= Alexandre Chayet =

Alexandre Chayet (1862– ), commonly referred to as M. (Note: for "Monsieur") Chayet, was Consul-General for France in Australia from 1911 to 1918. He was an active president of the Alliance française de Sydney. His collection of historical photographs is held by the National Library of Australia.

==History==

Chayet was born in Navarre and following studies at the School of Political Science and the School of Law in Paris, was in 1887 appointed Attaché to the Ministry of Foreign Affairs.
His overseas service began in 1890 as Consul in Madagascar, followed by similar appointments in Smyrna, Helsinki, Shieflis, Düsseldorf, Stuttgart, and Montreal.

He was appointed Chevalier of the Légion d'honneur.

M. and Mme Chayet arrived at Sydney by the SS Polynesian in November 1911.

Between 1913 and 1916 he founded in turn the Société des conférences en langues étrangères, the Institut de conversation Française and the French Music Society, functions previously performed by the Alliance Française.
The Alliance, which existed from 1896 as little more than a lending library in the French Consulate, was formally founded in 1899 by Biard d'Aunet, the consul-general from 1893 to 1905. Albert Pinard, his successor as consul general (1905–1909), had little involvement with the Alliance, its successive presidents being Louis Nettement and Dr Émile Rougier.
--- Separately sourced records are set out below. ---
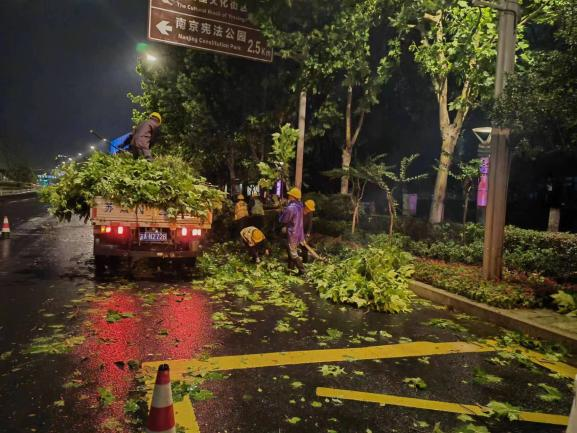 集團園林經(jīng)濟公司作為河西地區(qū)市政道路及綠化管養(yǎng)的主力軍,黨員干部沖在前,全體應急人員奮戰(zhàn)在所轄市政道路綠化項目一線,累計出動巡查消險人員329人次,巡查排險車輛32臺次,搶險范圍包括市政道路、市政水務、道路綠化、公園綠化養(yǎng)護等環(huán)節(jié),共計清理倒伏樹木147株,清理斷枝303處,排除積淹水點15處。
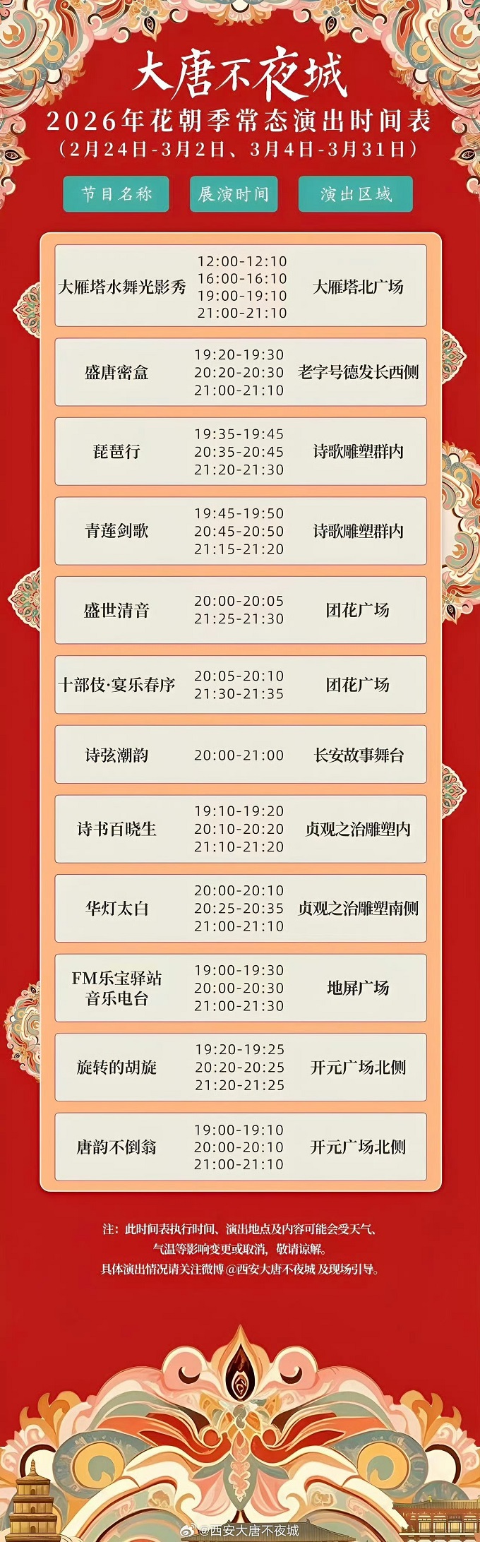 西安大唐不夜城花朝季演出表出炉,持续到3月底
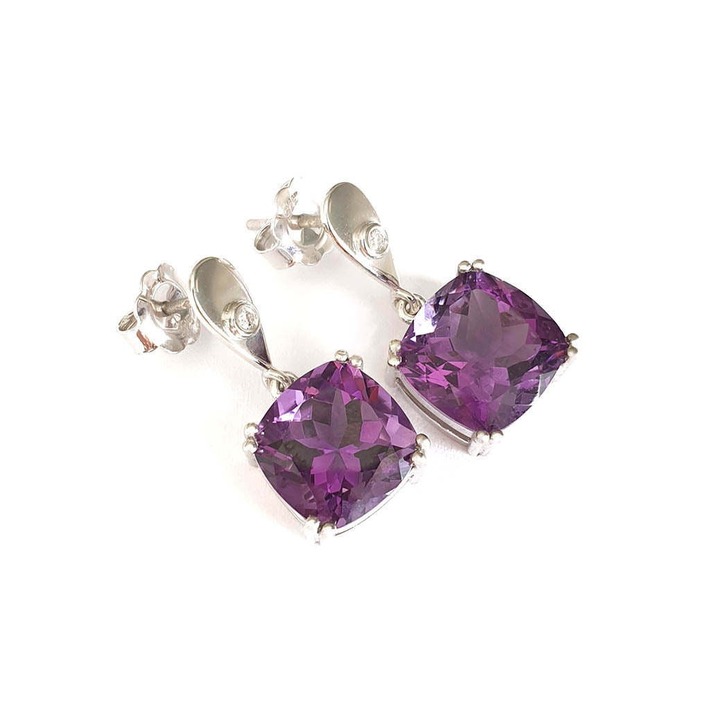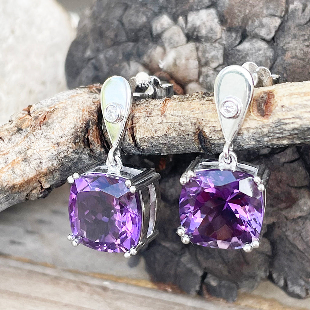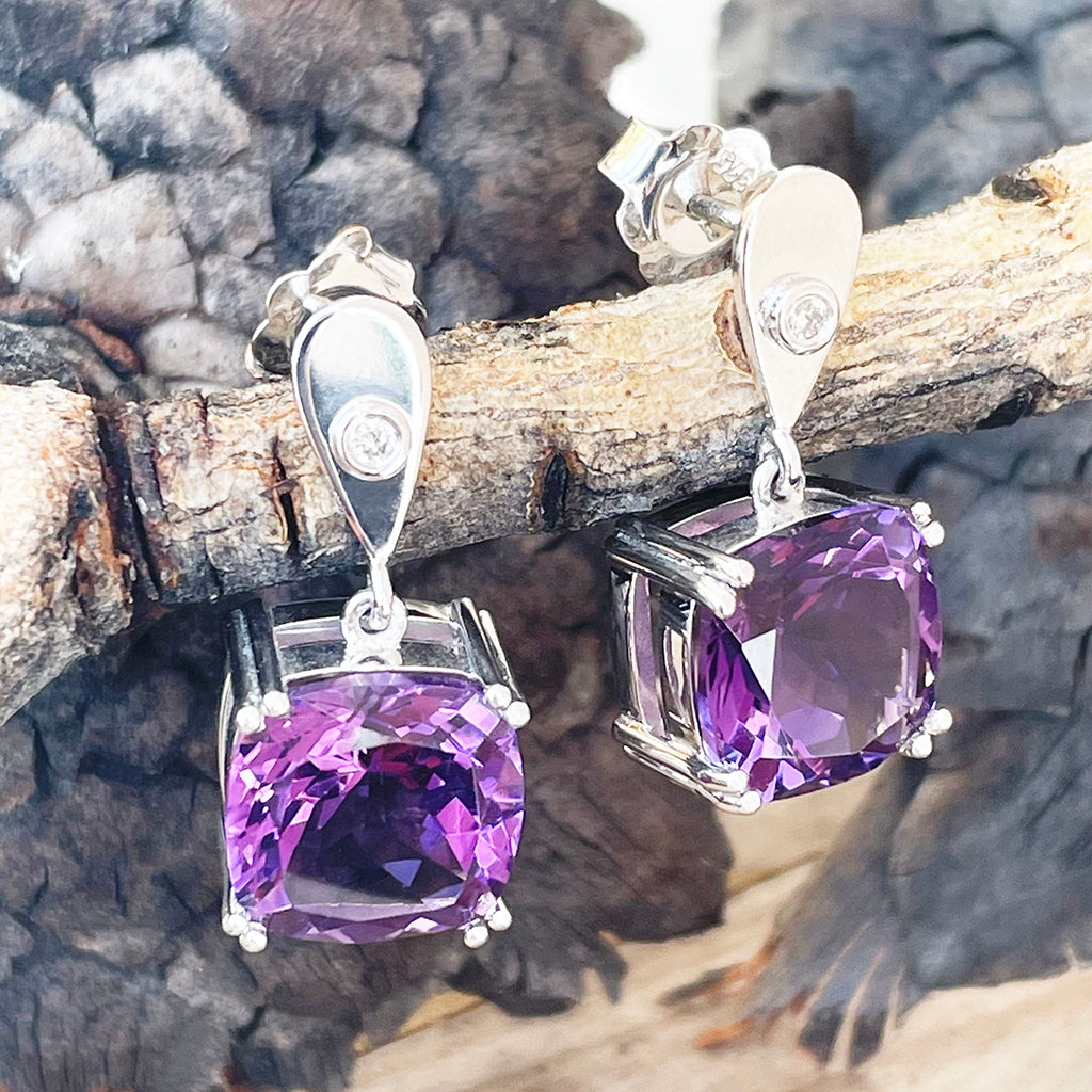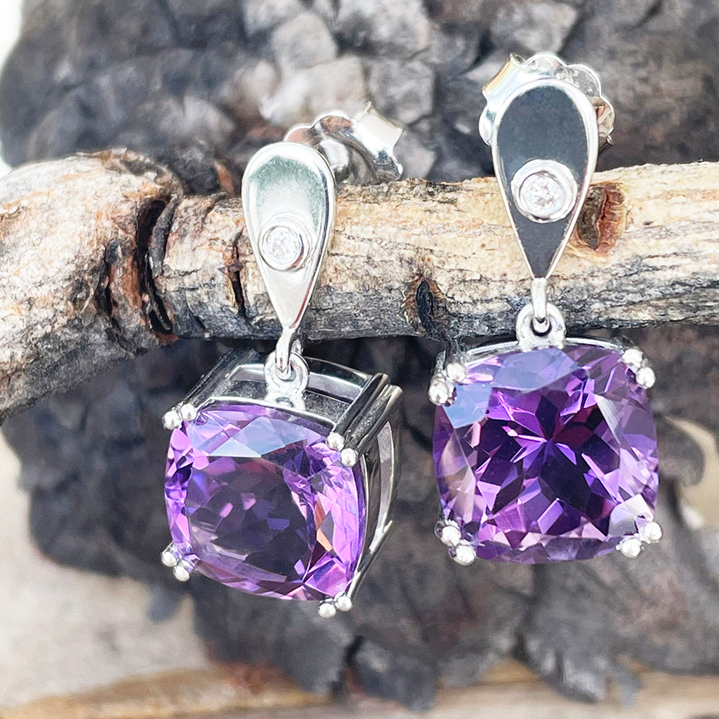 Handcrafted Opulent Amethyst and Diamond Drop Earrings
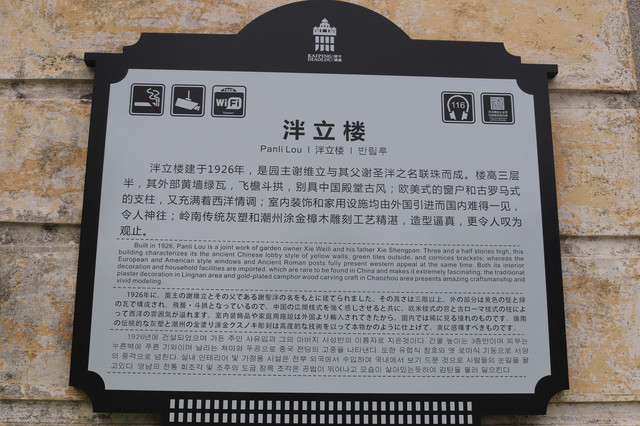 立园是旅美华侨谢维立先生历时十年建造的私家园林,于民国25年(1936年)建成。该园集传统园林、岭南水乡和西方建筑风格于一体。园内分大花园、小花园和别墅区三部分,彼此以人工河或围墙分隔,又用桥亭和回廊连成一体,园中有园,景中有景。别墅区有泮文、泮立等六幢别墅和碉楼一座,中西合壁,气势恢宏;室内装饰和摆设,丰富豪华典雅。据说,其中西合璧的独特建筑艺术风格在中国园林中独树一帜,足可与广东四大名园媲美

During this period the Alliance became more democratic, admitting both women and British Australians. A period of decline, which began around 1909 ended with the election of Pierre Durieux.
The Alliance was evicted from the Consulate and took a room in Mlle Boggio’s "Modern School of Languages" in Moore Street, Sydney (later became Martin Place), and again little more than a lending library.
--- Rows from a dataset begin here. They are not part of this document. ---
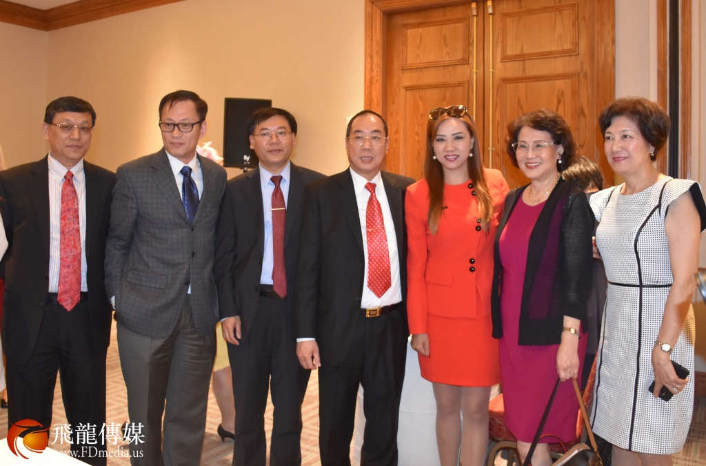 图左起:金融家杨万青博士、休斯敦西南纪念医院副院长丰建伟、中国人活动中心执行长范玉新、亚美集团董事长陈灼刚、美国飞龙传媒负责人陈铁梅、休斯敦大学教授邹雅丽、著名影星文化使者陈烨一起合影留念。
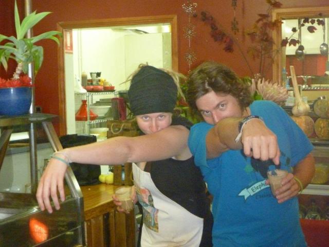 | Chantelle and I doing the Chang dance after 13 hours of prep, and service. We needed coffee if you didn’t notice. Unfortunately we actually didn’t take a single photograph all night, which is a shame as it was a highlight of our fundraising together. |
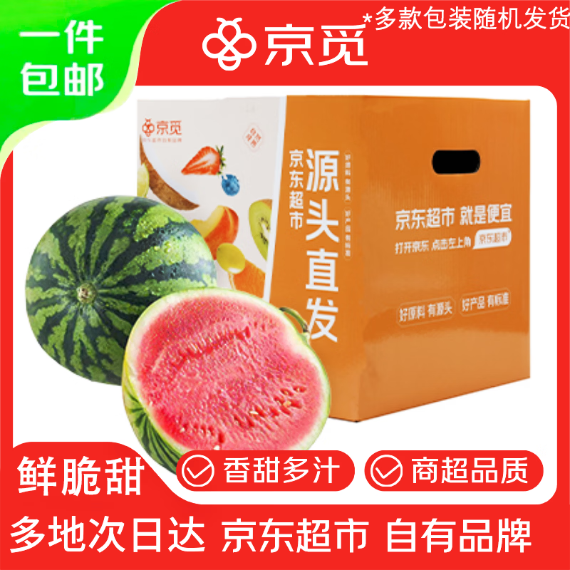 京觅 无籽麒麟西瓜净重5-6斤 29.8亓自营包邮,源头直发 *皮薄肉厚

Chayet and his wife returned to France in 1913 for six months' leave of absence. He returned alone in 1914.

He was recalled in 1918 and next served at the French Legation at Guatemala.

His collection of 52 historical Australian photographs, many taken by Frank Hurley, was purchased by the National Library of Australia from Jean Chayet, a descendant, and named "Alexandre Chayet collection".